Sitemap snippet/package that crawls?

I have a website with a large publications section, where resources link to PDF documents that have been uploaded to the server, and it would be nice to find a MODX way to generate a simple XML sitemap that includes those PDF documents plus the resources that correspond to web pages, excluding the usual suspects like the 404 page, etc. I have found a couple of MODX packages (Sterc’s SEOTools and pdoSitemap, but cannot see if they actually crawl the site so that the PDF documents are included, or if they just list the resources.

Is there a script that crawls (assuming crawling is necessary to fetch the PDFs)?

Does it also update itself automatically, or does it need to run manually by viewing the resource that calls the script?

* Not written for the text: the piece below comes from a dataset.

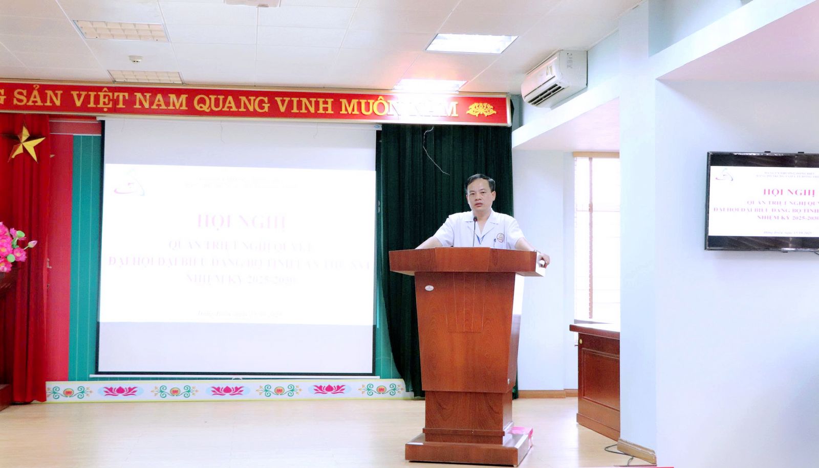 Tại hội nghị, các đại biểu đã được nghe bác sĩ CKII Lê Kỳ Trường – Bí thư Đảng ủy, Giám đốc Trung tâm quán triệt, tuyên truyền Nghị quyết Đại hội đại biểu Đảng bộ tỉnh Quảng Ninh lần thứ XVI. Theo đó, Nghị quyết Đại hội đại biểu Đảng bộ tỉnh Quảng Ninh lần thứ XVI được xây dựng trong bối cảnh đất nước bước vào giai đoạn phát triển mới, khi cả nước đồng thời triển khai nhiều chủ trương mang tính chiến lược: hoàn thiện thể chế kinh tế thị trường định hướng xã hội chủ nghĩa, chuyển đổi mô hình tăng trưởng, đẩy mạnh công nghiệp hóa - hiện đại hóa, lấy khoa học công nghệ, đổi mới sáng tạo và kinh tế số là động lực, thúc đẩy hội nhập sâu rộng. Nghị quyết đã đề ra 5 quan điểm chỉ đạo, mục tiêu tổng quát, 23 chỉ tiêu chủ yếu, 5 nhiệm vụ trọng tâm, 3 khâu đột phá; 4 nhiệm vụ thường xuyên và giải pháp nhằm hiện thực hoá các mục tiêu phát triển trong nhiệm kỳ mới của tỉnh.
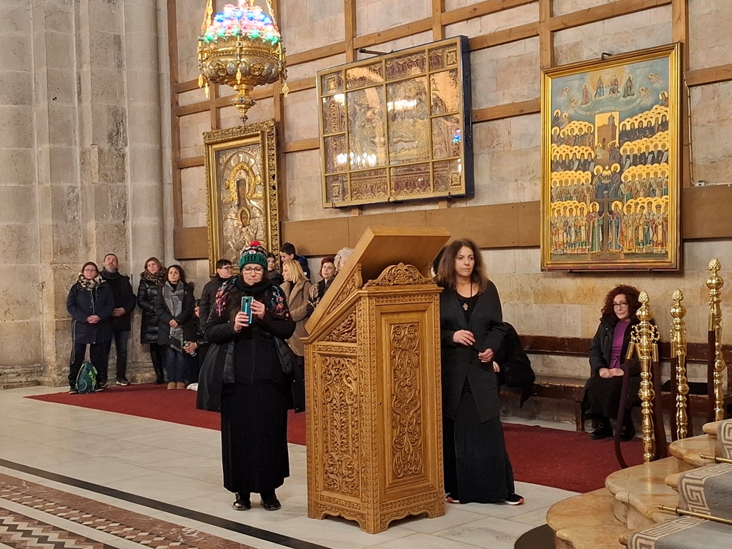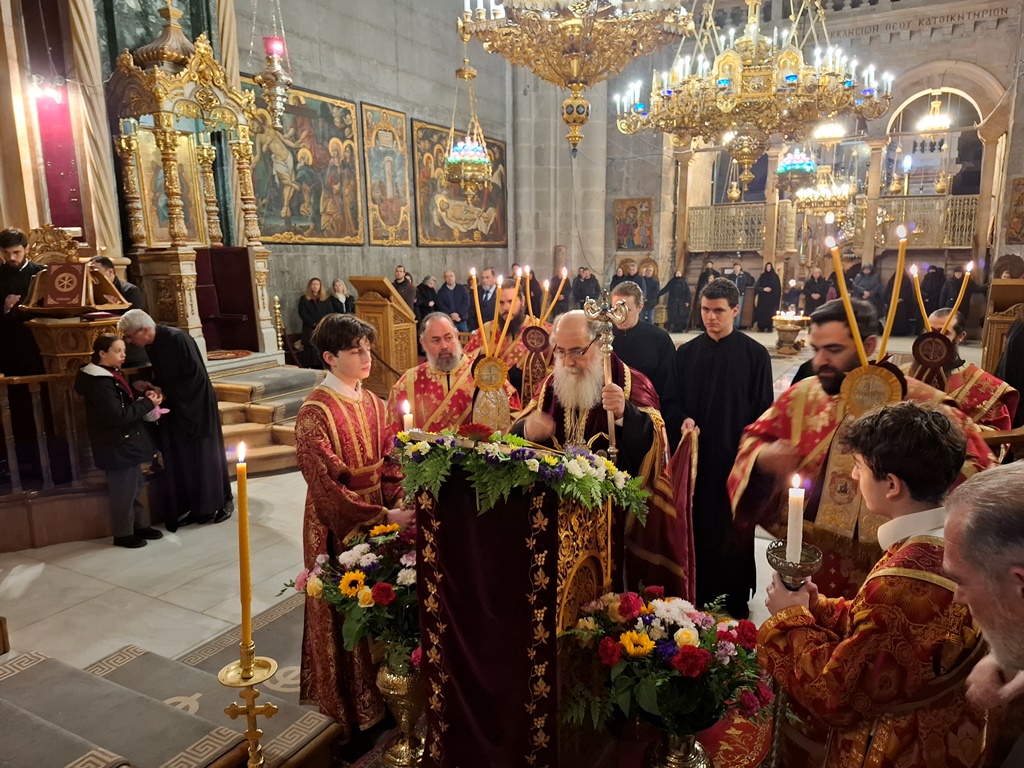 Τό ἑσπέρας τῆς Παρασκευῆς τῆς Α’ Ἑβδομάδος τῶν Νηστειῶν τῆς Μεγάλης Τεσσαρακοστῆς, 22αν Φεβρουαρίου / 7ης Μαρτίου 2025 εἰς τό Καθολικόν τοῦ Πανιέρου Ναοῦ τῆς Ἀναστάσεως καί εἰς τό πλαίσιον τῆς ἀκολουθίας τοῦ Μικροῦ Ἀποδείπνου, ἐψάλη ὁ κανών «Ἀνοίξω τό Στόμα μου» καί ἀνεγνώσθη ἠ Α’ Στάσις τῶν Χαιρετισμῶν τῆς Ὑπεραγίας Δεσποίνης ἡμῶν Θεοτόκου καί ἀειπαρθένου Μαρίας ὑπό τῆς Α.Θ.Μ. τοῦ Πατρός ἡμῶν καί Πατριάρχου Ἱεροσολύμων κ.κ. Θεοφίλου, τοῦ καί Προεξάρχοντος τῆς ὅλης Ἀκολουθίας, ψάλλοντος τοῦ Πρωτοψάλτου καί διακόνου π. Εὐσταθίου Τσουμάνου καί μετέχοντος εὐλαβοῦς ἐκκλησιάσματος ἐκ μοναχῶν, μοναζουσῶν καί λαϊκῶν, παρουσίᾳ τοῦ Γενικοῦ Προξένου τῆς Ἑλλάδος εἰς τά Ἱεροσόλυμα κ. Δημητρίου Ἀγγελοσοπούλου καί μελῶν τοῦ Ἑλληνικοῦ Γενικοῦ Προξενείου.

At the moment, I am using Tristan Goossens PHP script, which seems to work, although only manually, but it feels like a terrible kind of disloyalty:

You can have multiple sitemaps and you just have to create a sitemap with the snippet, that lists the PDF files.

1 Like

Thank you for that suggestion. I did not know that a chap could have multiple xml sitemaps for one website. And I find the approval and the mechanics here:

So I guess (hesitantly) that the workflow would be to set up two resources, one with a getResources call that lists the pages drawn from the resources, and a second with a getResources call that lists the PDF URLs that are contained in the PDF template variable on each publication resource.

Will try to just have one XML file from only one snippet that crawls all links and lists all PDFs, etc., Tristan’s solution reducing his three files to one snippet.